# DATA PROVIDED
--------------------------------

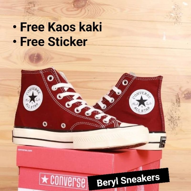 Sepatu Converse 70s HI Maroon Burgundy / Converse 70s Hight Maroon / Converse 70s Merah Marun Premium Terlaris
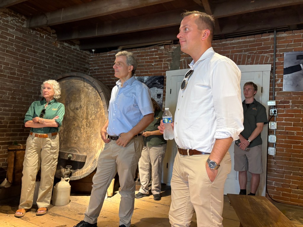 Recently Missouri enjoyed a visit from the German Consul Michael Ahrens from Chicago , Ambassador Metin Hakverdi from Germany and his staff. They toured the State with our own Honorary Consul Paul R. Obernuefemann and stopped by the State Historic Site in Hermann, Missouri. There they were able to meet with Dorris Keeven-Franke, Executive Director of Missouri Germans Consortium, Hermann Representatives, including Tammy Brueckerhoff Hermann’s Tourism Director, and the Staff of Deutschheim and enjoy an all too brief tour by Docent Derek VanBooven.
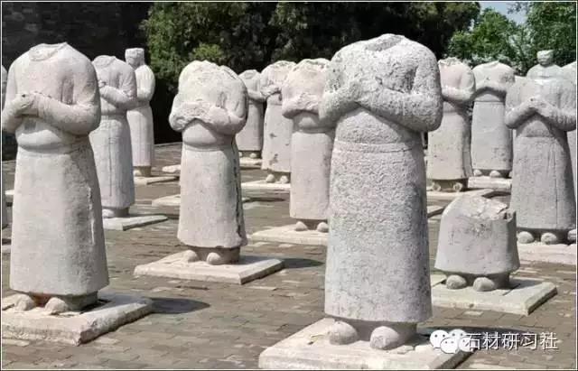 自唐高宗和武则天合葬的乾陵始,陵前石刻形成定制,其雕刻的内容可分六类:依次为石狮、石人和石马及马夫、双翼兽和北门六马、蕃王像、华表、碑石和无字碑及述圣记碑。不过这种陵前石刻制度后来实行并不十分严格,尤其是随政体的衰落和经济文化的萎靡,后继帝陵已难现乾陵石刻的雄姿。
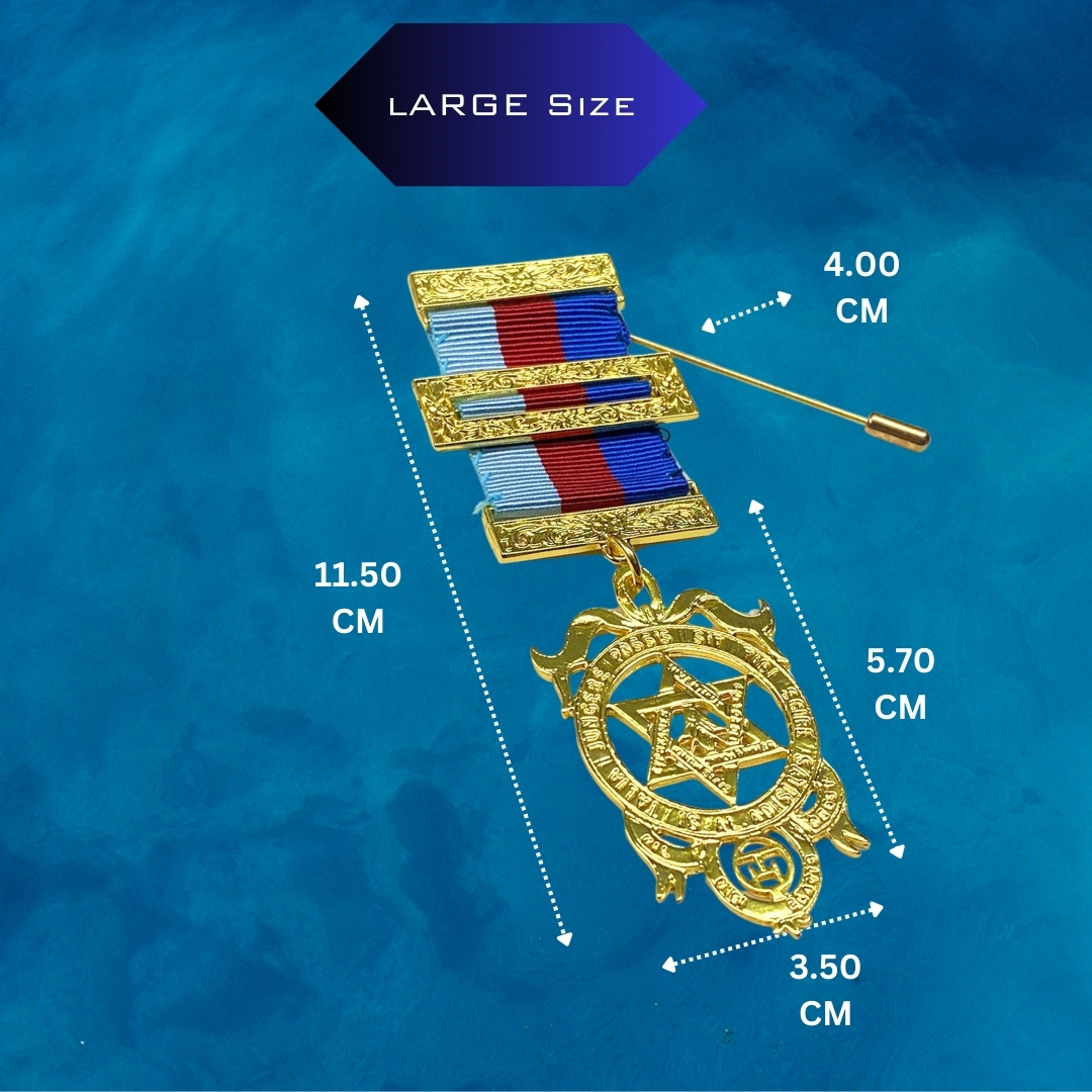 Perfectly combining tradition and craftsmanship, this Royal Arch Provincial Breast Jewel is sure to impress everyone in the Royal Arch community. The round-shaped jewel is attached to the eye-catching tri-coloured ribbon and features a star ensign. It is made to a high standard and gilt-plated to ensure durability. It can be worn with a ceremonial dress or full regalia. It’s suitable for gifting & purpose use.

--------------------------------

# YOUR ASSIGNMENT
Without including any pictures, set down word for word every line from the one containing "Recently Missouri enjoyed" through the last line of the material.

# REPLY
 Recently Missouri enjoyed a visit from the German Consul Michael Ahrens from Chicago , Ambassador Metin Hakverdi from Germany and his staff. They toured the State with our own Honorary Consul Paul R. Obernuefemann and stopped by the State Historic Site in Hermann, Missouri. There they were able to meet with Dorris Keeven-Franke, Executive Director of Missouri Germans Consortium, Hermann Representatives, including Tammy Brueckerhoff Hermann’s Tourism Director, and the Staff of Deutschheim and enjoy an all too brief tour by Docent Derek VanBooven.
 自唐高宗和武则天合葬的乾陵始,陵前石刻形成定制,其雕刻的内容可分六类:依次为石狮、石人和石马及马夫、双翼兽和北门六马、蕃王像、华表、碑石和无字碑及述圣记碑。不过这种陵前石刻制度后来实行并不十分严格,尤其是随政体的衰落和经济文化的萎靡,后继帝陵已难现乾陵石刻的雄姿。
 Perfectly combining tradition and craftsmanship, this Royal Arch Provincial Breast Jewel is sure to impress everyone in the Royal Arch community. The round-shaped jewel is attached to the eye-catching tri-coloured ribbon and features a star ensign. It is made to a high standard and gilt-plated to ensure durability. It can be worn with a ceremonial dress or full regalia. It’s suitable for gifting & purpose use.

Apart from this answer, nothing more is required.